Sembra assurdo ma da quando le imprese agricole possono chiedere soldi pubblici si è avuta una retrocessione culturale.
Se prima ci si affidava all'aiuto di un professionista per migliorare la produzione aziendale, adesso ci affidiamo ad altri ( non sempre professionisti) per ogni cosa. Lo facciamo perchè è fatica stare dietro a tutto, perchè se si lavora nel campo non si può star dietro ad ogni regolamento ma lo facciamo soprattutto perchè c'è sempre qualcuno che ai nostri occhi sa molto meglio di noi quale sia la strada giusta da seguire.
Ci spiegano quando è opportuno aderire al PSR, quando è il momento giusto per effettuare quell'investimento. Ci suggeriscono che è il caso di dedicarci alla vendita diretta aziendale investendo, magari, anche nell'agriturismo e dedicandoci ai mercatini. Ci dicono quando è il caso di aprire un'altra partita IVA, tanto per avere qualche opportunità in più, quando è il caso di associarsi, di cooperare, di organizzarsi in O.P. Ma poi c'è anche l'organizzazione professionale che ci convince che non è più il caso di gestire l'allevamento in quel certo modo e che è opportuno fare come fanno tutti glia altri . E alla vigilia della semina organizza anche degli incontri in modo da indirizzare le scelte delle varità da seminare, perchè quest'anno è meglio decidere insieme! O i tecnici del consorzio agrario che ci suggeriscono che certi trattamenti sono INDISPENSABILI !! Poi accendiamo la TV e i sondaggi agricoli la fanno da padrone nei TG. Le associazioni agricole si occupano di tutto, e allora a chi affidarsi se non a loro che sanno esattamente quello che è meglio fare? Inutile sforzarsi a cercare, leggere,studiare e pensare quando il resto del tuo mondo va in un'altra direzione.

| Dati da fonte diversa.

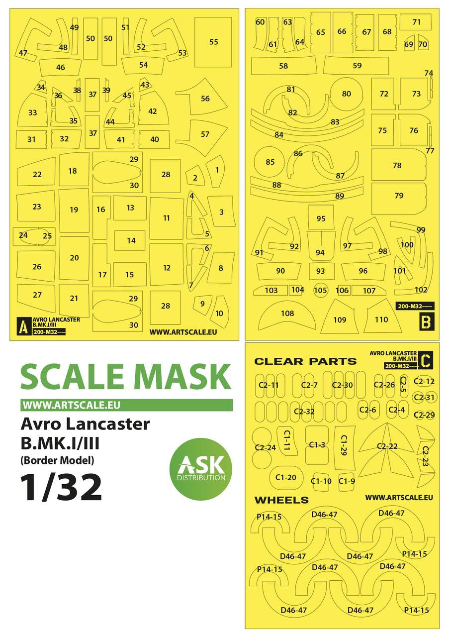 Art Scale 1/32 Art Scale Avro Lancaster B Mk.I/III express self adhesive masks for Border Model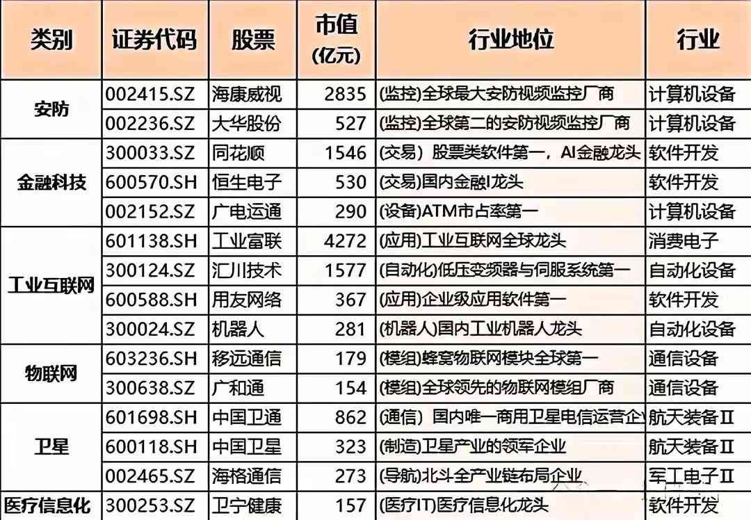 涵盖了安防领域,海康威视是全球最大安防视频监控厂商,大华股份为全球第二;工业互联网中,工业富联是工业互联网全球龙头,汇川技术在低压变频器与伺服系统居首;物联网领域,移远通信蜂窝物联网模块全球第一,广和通是全球领先的物联网模组厂商······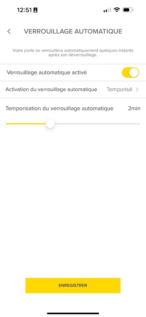 J’ai pour ma part configuré le système de déverrouillage automatique, permettant de déverrouiller la porte quand vous arrivez dans la zone GPS de votre maison. C’est vraiment génial car lorsqu’on arrive avec les bras chargés, on peut directement entrer en poussant à peine la porte.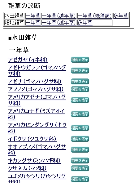 この電子図書館では,約160種の雑草について,写真を見ながら診断ができます。 もちろん防除方法も調べられます。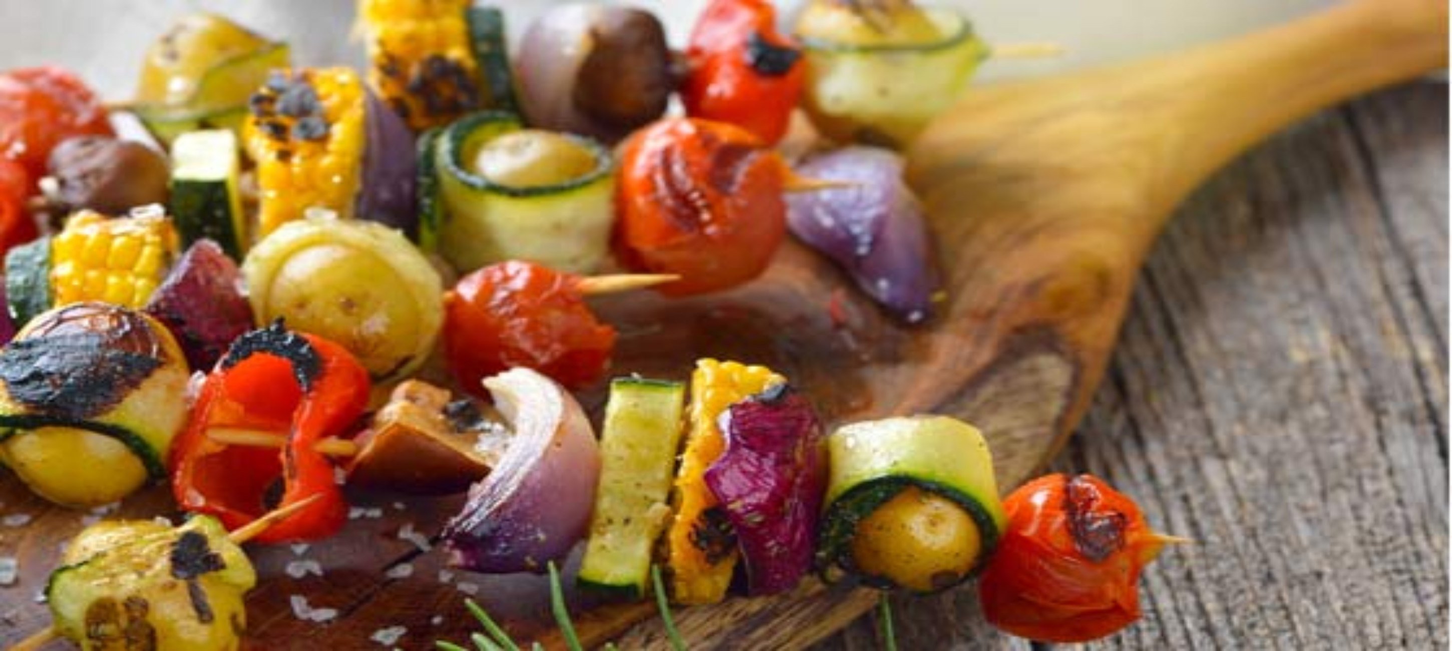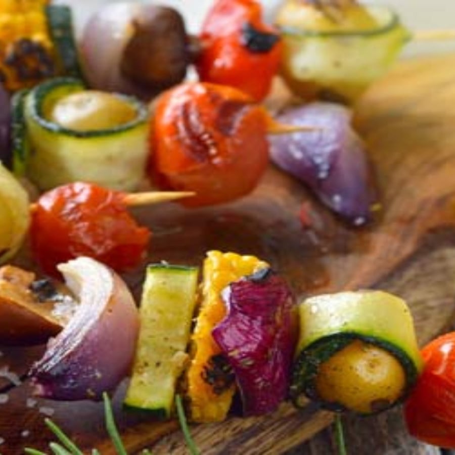 Wenn du Holzspieße verwendest, weiche diese 30 Minuten in kaltem Wasser ein, damit sie nicht auf dem Grill hängen bleiben. Du kannst übrigens auch andere Leckereien wie Mais, Spargel, Pilze, Tofu oder Halloumi-Käse aufspießen.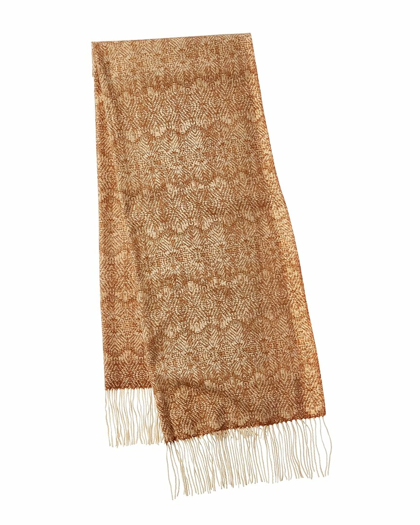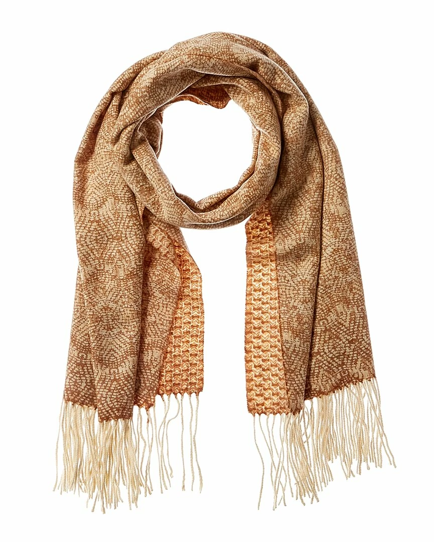 - Jaipur Imogen Flora Cashmere Scarf in brown/tan with reversible wear and 4in fringe

Eppure l'informazione e la cultura sarebbero gli unici strumenti per avere autonomia decisionale, per essere indipendenti dal pensiero altrui sia idal punto di vista economico che da quello personale. In una tale situazione, quale intellettuale può essere allettato dal mondo agricolo? E se ci mettiamo l'ostruzionismo di chi dall'ignoranza agricola ne giova ,capiamo che siamo caduti in pozzo senza fondo.
Alberto Guidorzi
19 maggio 2012 ore 15:20Egregio Dr Caricato
Al contenuto del suo editoriale sarei tentato di rispondere: “l’agricoltura non interessa perché non esiste più, ma con l’aggiunta che non esistono più neppure gli agricoltori”.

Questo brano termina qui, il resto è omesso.